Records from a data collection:
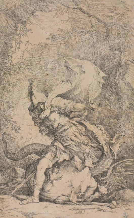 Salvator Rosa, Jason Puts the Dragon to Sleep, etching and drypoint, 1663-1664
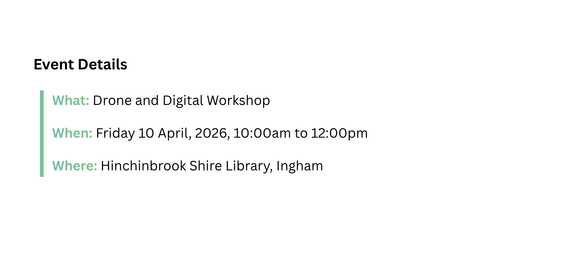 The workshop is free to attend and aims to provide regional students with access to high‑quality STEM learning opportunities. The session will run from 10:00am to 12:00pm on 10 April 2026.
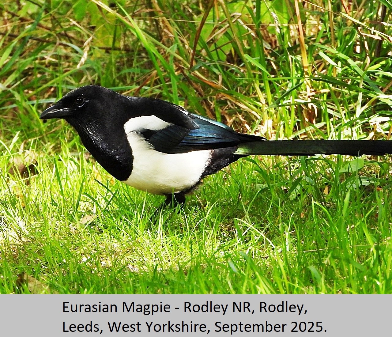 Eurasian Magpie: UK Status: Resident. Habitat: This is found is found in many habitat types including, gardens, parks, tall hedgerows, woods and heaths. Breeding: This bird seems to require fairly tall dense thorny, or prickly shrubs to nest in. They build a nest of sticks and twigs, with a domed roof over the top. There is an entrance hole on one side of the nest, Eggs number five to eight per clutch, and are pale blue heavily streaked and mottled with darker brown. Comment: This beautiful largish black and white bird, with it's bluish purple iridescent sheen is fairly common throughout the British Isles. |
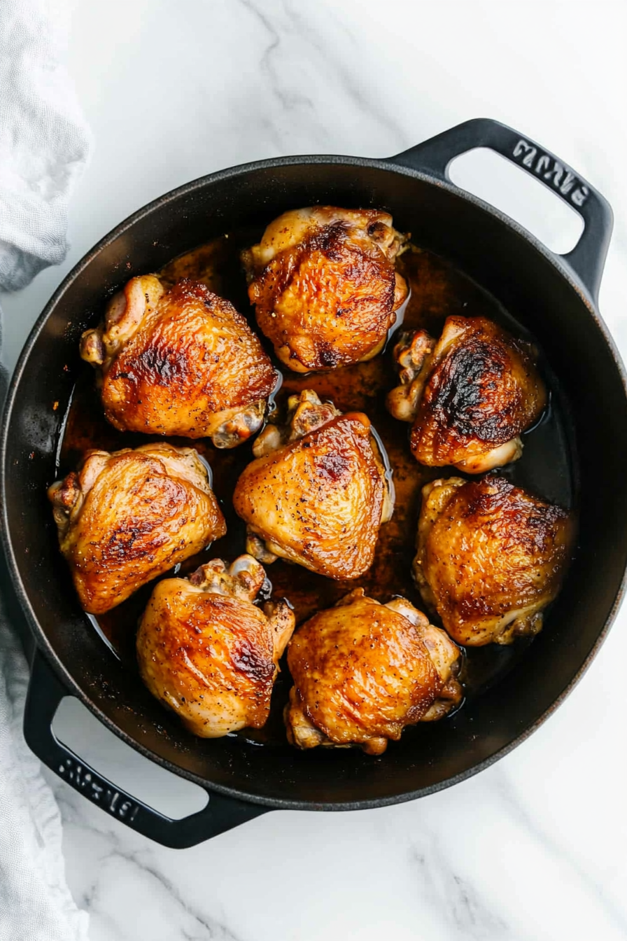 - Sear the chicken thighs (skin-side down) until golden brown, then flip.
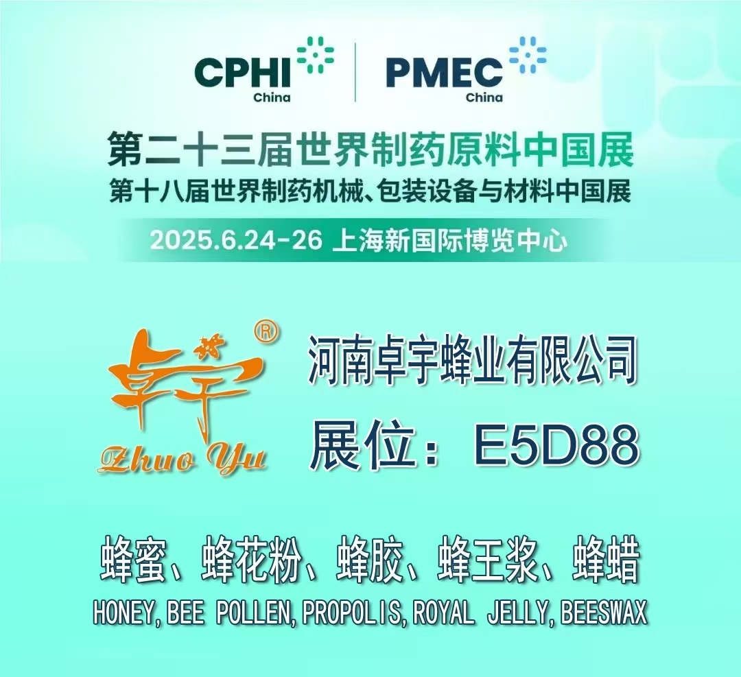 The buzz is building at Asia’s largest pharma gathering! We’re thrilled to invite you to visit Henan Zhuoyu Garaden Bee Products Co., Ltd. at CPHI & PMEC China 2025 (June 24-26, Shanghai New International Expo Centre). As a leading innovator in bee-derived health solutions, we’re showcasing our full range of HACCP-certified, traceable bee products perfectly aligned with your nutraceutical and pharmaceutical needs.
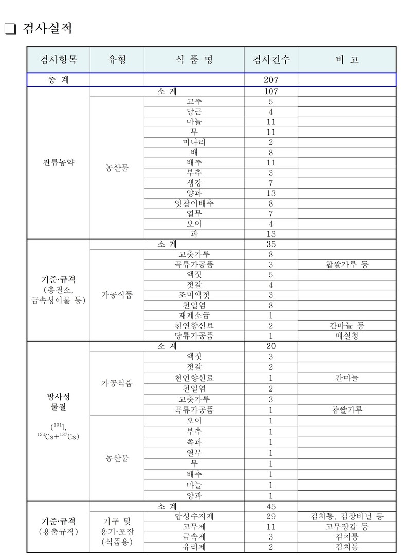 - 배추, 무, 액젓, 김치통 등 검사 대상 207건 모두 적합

- _TASK TO COMPLETE_
In your answer, repeat all the entries exactly, but leave out the pictures.

- _EXERCISE ANSWER_
 Salvator Rosa, Jason Puts the Dragon to Sleep, etching and drypoint, 1663-1664
 The workshop is free to attend and aims to provide regional students with access to high‑quality STEM learning opportunities. The session will run from 10:00am to 12:00pm on 10 April 2026.
 Eurasian Magpie: UK Status: Resident. Habitat: This is found is found in many habitat types including, gardens, parks, tall hedgerows, woods and heaths. Breeding: This bird seems to require fairly tall dense thorny, or prickly shrubs to nest in. They build a nest of sticks and twigs, with a domed roof over the top. There is an entrance hole on one side of the nest, Eggs number five to eight per clutch, and are pale blue heavily streaked and mottled with darker brown. Comment: This beautiful largish black and white bird, with it's bluish purple iridescent sheen is fairly common throughout the British Isles. |
 - Sear the chicken thighs (skin-side down) until golden brown, then flip.
 The buzz is building at Asia’s largest pharma gathering! We’re thrilled to invite you to visit Henan Zhuoyu Garaden Bee Products Co., Ltd. at CPHI & PMEC China 2025 (June 24-26, Shanghai New International Expo Centre). As a leading innovator in bee-derived health solutions, we’re showcasing our full range of HACCP-certified, traceable bee products perfectly aligned with your nutraceutical and pharmaceutical needs.
 - 배추, 무, 액젓, 김치통 등 검사 대상 207건 모두 적합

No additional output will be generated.